Napoli. Il sangue non si scioglie, niente prodigio di San Gennaro
L'ampolla con il sangue di San Gennaro
Non sono servite le invocazioni, né le preghiere dei fedeli che dalla mattina affollavano la cattedrale di Napoli. Il prodigio non c’è stato, il sangue di san Gennaro non si è sciolto.
La città, infatti, celebra il patrono in tre date: il 19 settembre, 16 dicembre, il primo sabato di maggio. Tre date storico-religiose attorno alle quali ruota la pietà popolare e il cammino spirituale della città. Tre gesti di pietà che si rincorrono e si riallacciano. Tutto parte quel 19 settembre del 305 quando alla solfatara di Pozzuoli viene raccolto il sangue del vescovo martire, dopo la sua decapitazione. Sono proprio quelle ampolle che questa mattina, alle 9, sono state portate dalla cappella all’altare maggiore della Cattedrale per attendere l’auspicato prodigio della liquefazione. Ma nonostante le preghiere delle “parenti” di san Gennaro (un gruppo di anziane che dall’ottocento intonano litanie e preghiere) il prodigio non è avvenuto.
L’abate della Cappella del Tesoro monsignor Vincenzo de Gregorio, dopo aver aperto la cassaforte che contiene il reliquiario con le ampolle del sangue, ha ricordato il momento di difficoltà: «Il sangue – ha confermato dopo una lunga giornata di preghiera – è rigorosamente solido. Dio dia forza e coraggio al nostro popolo per affrontare questa pandemia che sta costringendo a ripensare la propria vita e che sta causando molti problemi soprattutto ai più deboli e ai morti in solitudine, che sono il dramma più grande».

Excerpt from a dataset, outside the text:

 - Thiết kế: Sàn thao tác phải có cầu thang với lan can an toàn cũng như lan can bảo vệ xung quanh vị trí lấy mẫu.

Alle 18.20 è arrivato anche il cardinale arcivescovo Crescenzio Sepe, di ritorno dalla riunione della Conferenza episcopale campana, e si è inginocchiato in preghiera, dinanzi alle ampolle che custodiscono il sangue del patrono. Poi con la teca ha attraversato la navata centrale per benedire i fedeli. «Ci sentiamo partecipi di questo evento così particolare: la nostra devozione al santo. Ma il mancato prodigio – ha spiegato – non è nessun presagio di sciagure, né epidemie, né guerre: siamo uomini e donne di fede».
Da sempre i napoletani si sono rivolti al loro patrono perché li protegga dalle calamità naturali: folle di persone nei primi secoli correvano a cercare rifugio nelle catacombe di Capodimonte. Così successe nel 472, nel 512 e nel 685, con i vescovi napoletani dell’epoca a guidare le preghiere del popolo. Poi, divenne consuetudine invocare il santo per chiedere la fine dei fenomeni vulcanici: nel 1631, il 16 dicembre, si decise l’esposizione delle reliquie e l’eruzione del Vesuvio si bloccò.

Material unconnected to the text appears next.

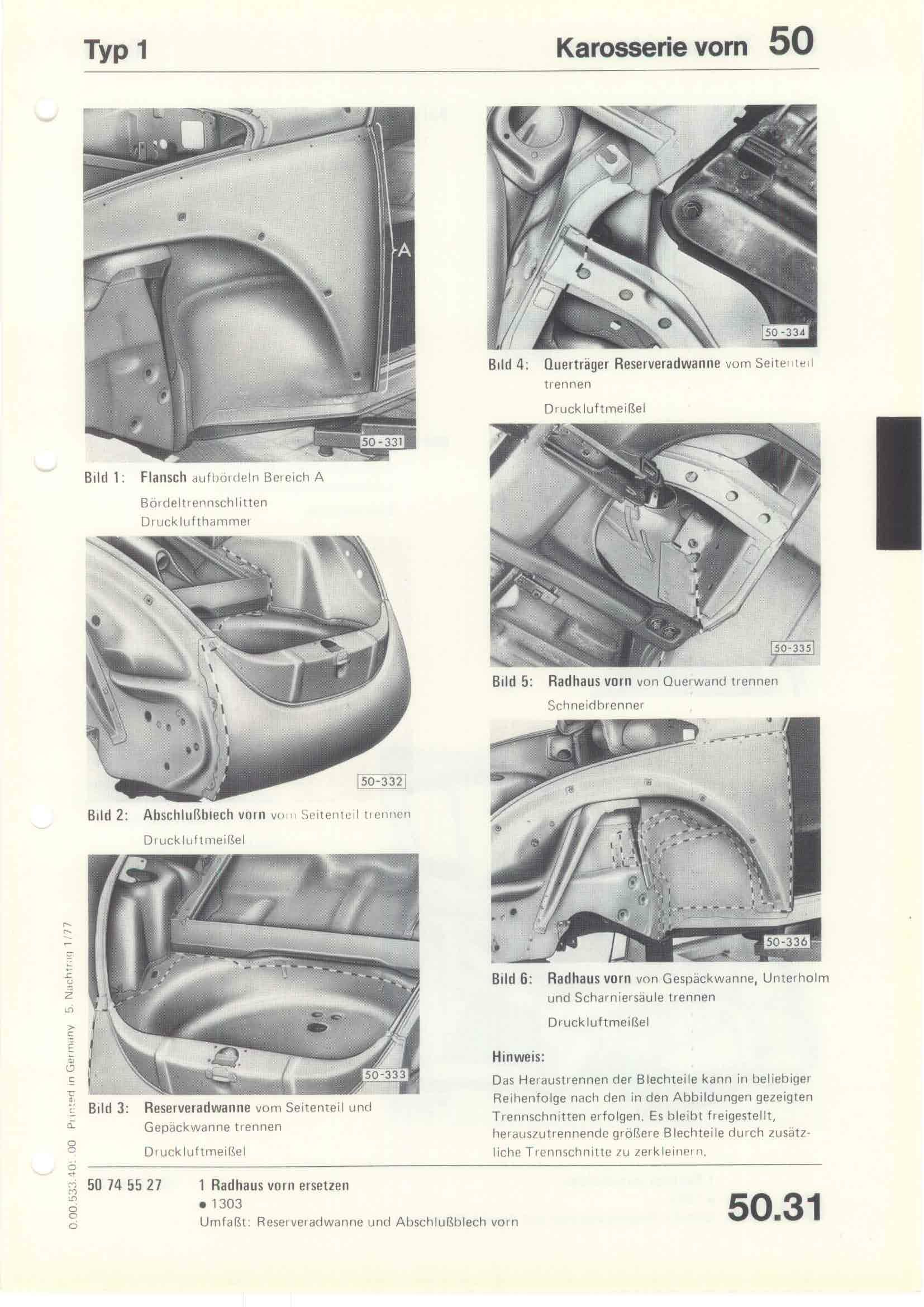 Karosserie Reparatur-Leitfaden Typ 1 April 1975, Seite 50.31

Più recentemente, il 15 maggio del 1983, a conclusione del XXX Sinodo diocesano, il prodigio suggellò l’evento. Di recente, il 17 giugno del 2007, durante la visita a Napoli dell’arcivescovo Chrysostomos II, capo della Chiesa ortodossa di Cipro, il prodigioso evento si è ripetuto. Mentre non avvenne durante la visita di Giovanni Paolo II nel ’90; né quella di Benedetto XVI nell’ottobre del 2007, mentre si è sciolto con papa Francesco nel marzo 2015.
Ora le ampolle verranno riprese nella terza data dedicata al santo: il sabato che precede la prima domenica di maggio. Ieri, molta trepidazione per il prodigio non avvenuto: esiste un diario dei canonici del duomo che riporta le volte che il sangue non si è sciolto. Ci sono episodi che hanno segnato la città e i napoletani, ben prima del Covid-19: l’epidemia di colera a Napoli nel 1973 e il terremoto del 1980. Due sciagure precedute da un prodigio mancato. Poi, guerre, pestilenze, carestie: l939 e 1940, ad esempio, in corrispondenza con l’inizio della seconda guerra mondiale e dell’entrata nel conflitto dell’Italia. E, ancora, nel settembre del 1943: data dell’occupazione nazista.